National blasts Government's Pharmac funding increase

National is blasting the Government's Pharmac funding increase as a "pathetic shadow of what is needed" and warns it will actually limit New Zealanders' ability to access important medication.

On Sunday, the Government announced an increase of $160 million over four years in the Combined Pharmaceutical Budget, made up of an extra $10 million in 2020/2021 and $150 million over the subsequent three years.

However National's Health spokesperson Michael Woodhouse is dismissive of this amount, saying it "beggars belief that the Government is skimping on funding".

"The $10 million increase to Pharmac in 2020-21 is less than 1 percent of its baseline and falls well short of inflation," he says in a statement.

"The Health Minister admits the increase isn't a ramp-up. I would go further and say that it is a significant ramp-down in real funding.

"There is going to be increased pressure for medicines as a result of the COVID-19 crisis and we need to be prepared."

Making the Government's announcement, Health Minister David Clark said the funding will "secure our medicine supply, while at the same time allowing scope for Pharmac to continue to work on expanding the range of funded treatments where possible".

Since Budget 2019, 13 new medications have been approved by Pharmac to become publicly funded, including six new cancer treatments. In the last two years, more than 200,000 New Zealanders have benefited from 65 additional or widened-access subsidised medicines, the Health Minister said. 

However the Breast Cancer Foundation NZ is begging the Government to improve early access to new cancer drugs.

"Pharmac announced it will continue to take the same approach to approving new drugs that it's taken for the last 27 years," CEO Evangelia Henderson says in a statement.

"We all know that's not good enough for evaluating the latest, specialised cancer drugs. Even the Government acknowledged that last year, when it agreed to develop a plan for early access to new cancer medicines."

Patients are still waiting for that plan, Henderson says, and it will be fatal to back away from it now.

"While COVID-19 might be eliminated in New Zealand, cancer certainly won't be.
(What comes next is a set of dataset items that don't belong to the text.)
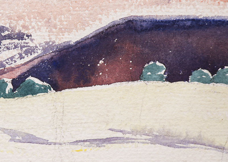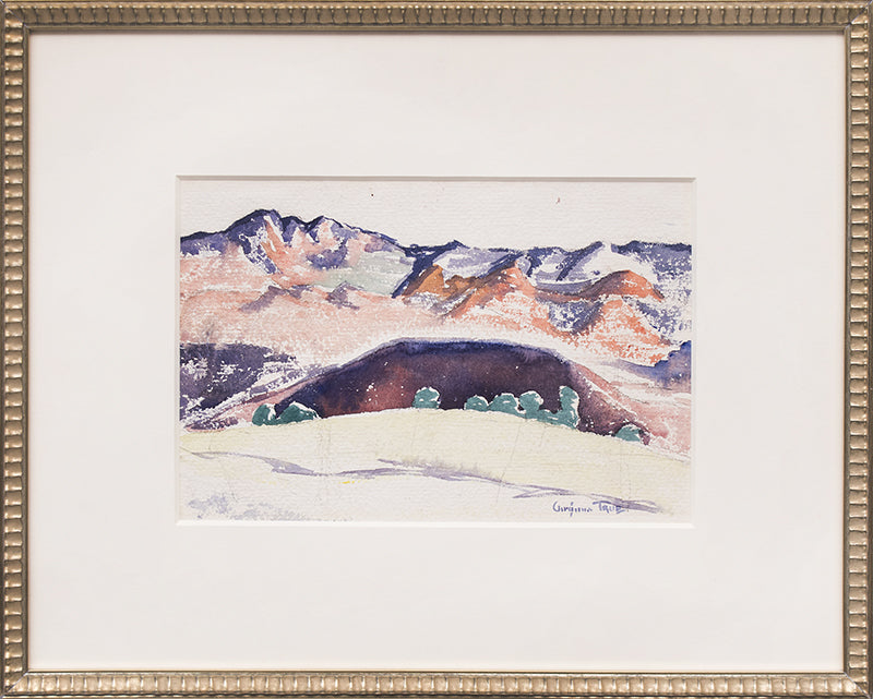 In the summer of 1928 True experienced both New Mexico communities and Southwest culture firsthand with Francis Hoar and her husband Clement Trucksess, her friends from the Herron Institute. They had relocated to Boulder in 1927 and were teaching at the University of Colorado. She recorded in her journal her initial reaction to the New Mexico landscape: "Might I preserve on canvas my thrill and deep feeling of the grand things of nature I have beheld today".There's a wideness in God's country that expresses peace to me." Inspired by her trip, True created a group of watercolors for her solo exhibition in 1928 at the Lieber Gallery in Indianapolis. They marked a transition from the realist style she learned at the Herron Institute to the more modernist, semi-abstract one she soon adopted.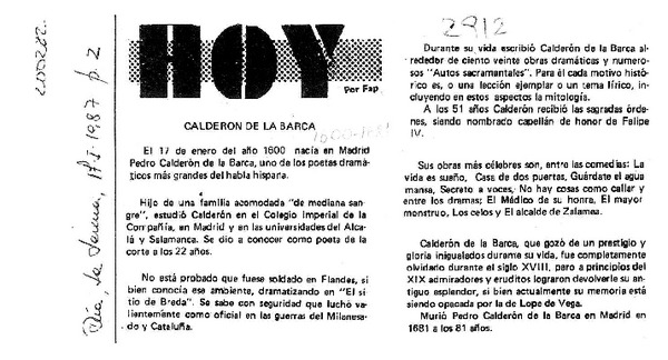 Calderón de la Barca [artículo] Braulio Fernández Biggs.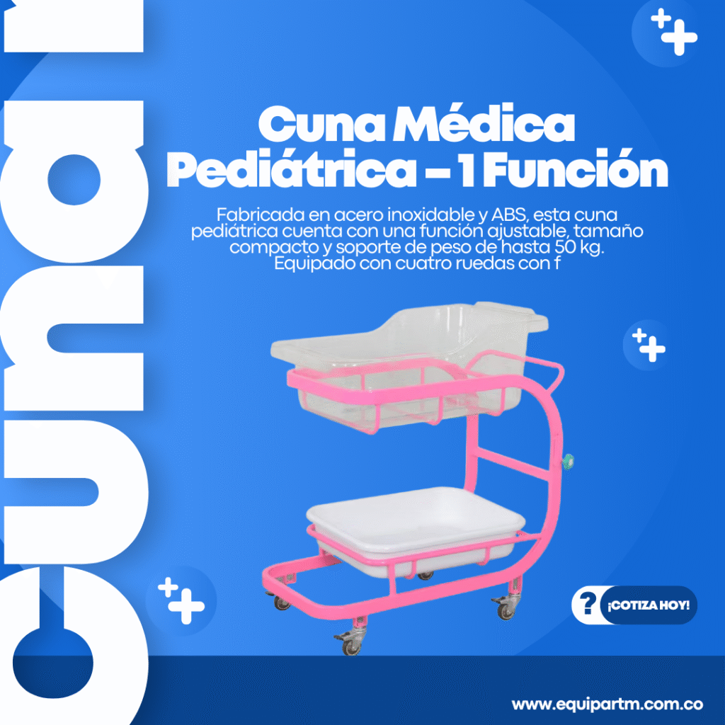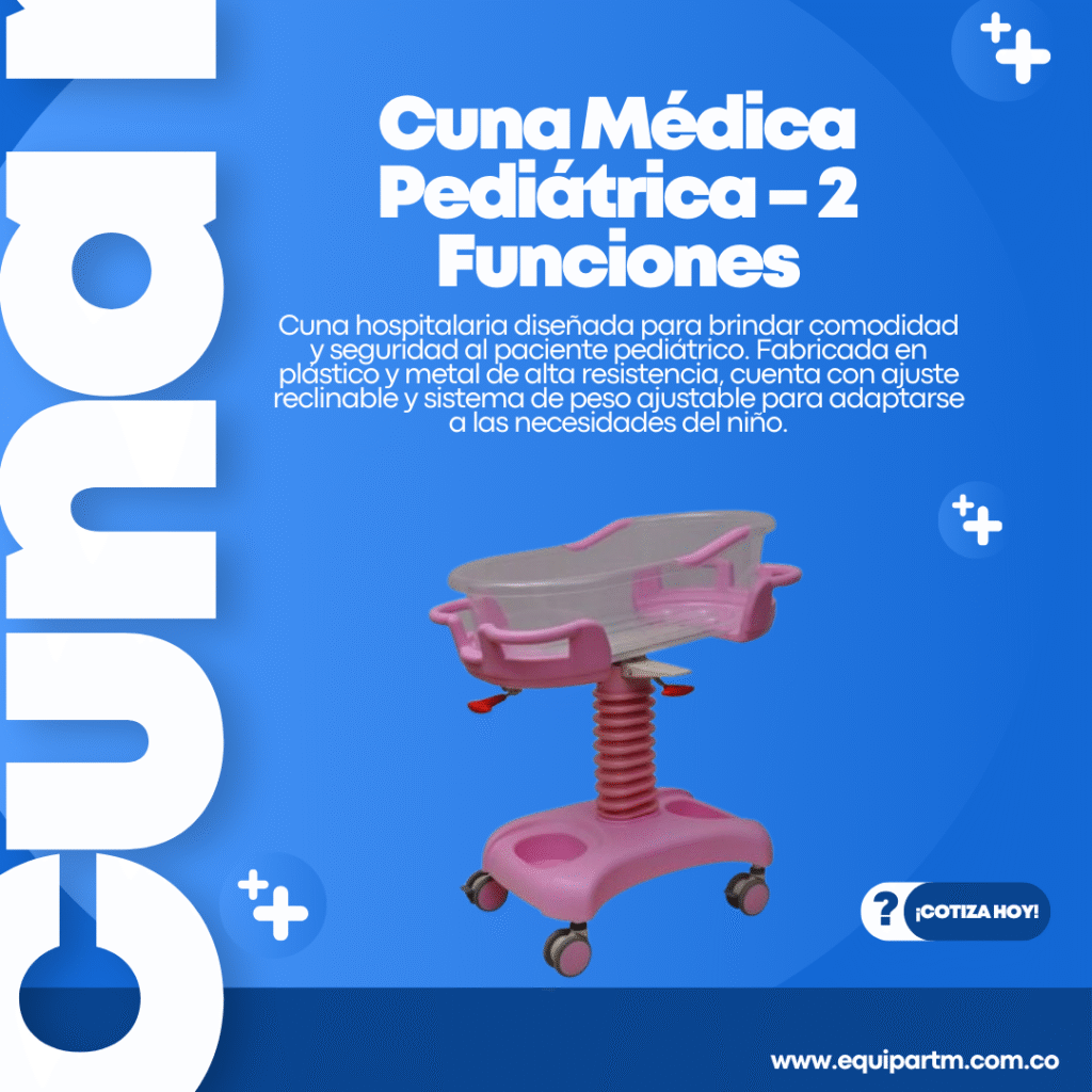 Cuna pediátrica con dos funciones, construida en plástico y metal, ajuste reclinable y peso ajustable, equipada con ruedas silenciosas que facilitan su movilidad. Ideal para hospitalización pediátrica, combinando seguridad, confort y facilidad de uso en entornos clínicos.

Developing a simpler, faster way to approve new cancer drugs, based on evidence accepted in other developed countries, will save or extend the lives of thousands of Kiwis."

And Woodhouse says the Pharmac funding decision only makes it tougher for patients to get the drugs they need.

"We have already seen a spending commitment on Keytruda delayed due to fiscal constraints and this announcement makes similar decisions more likely," he says.

"Instead of trying to mislead the public and pretend they're addressing the issue with spin, the Government needs to front up and ensure our hospitals and Pharmac have the support needed to get the job done."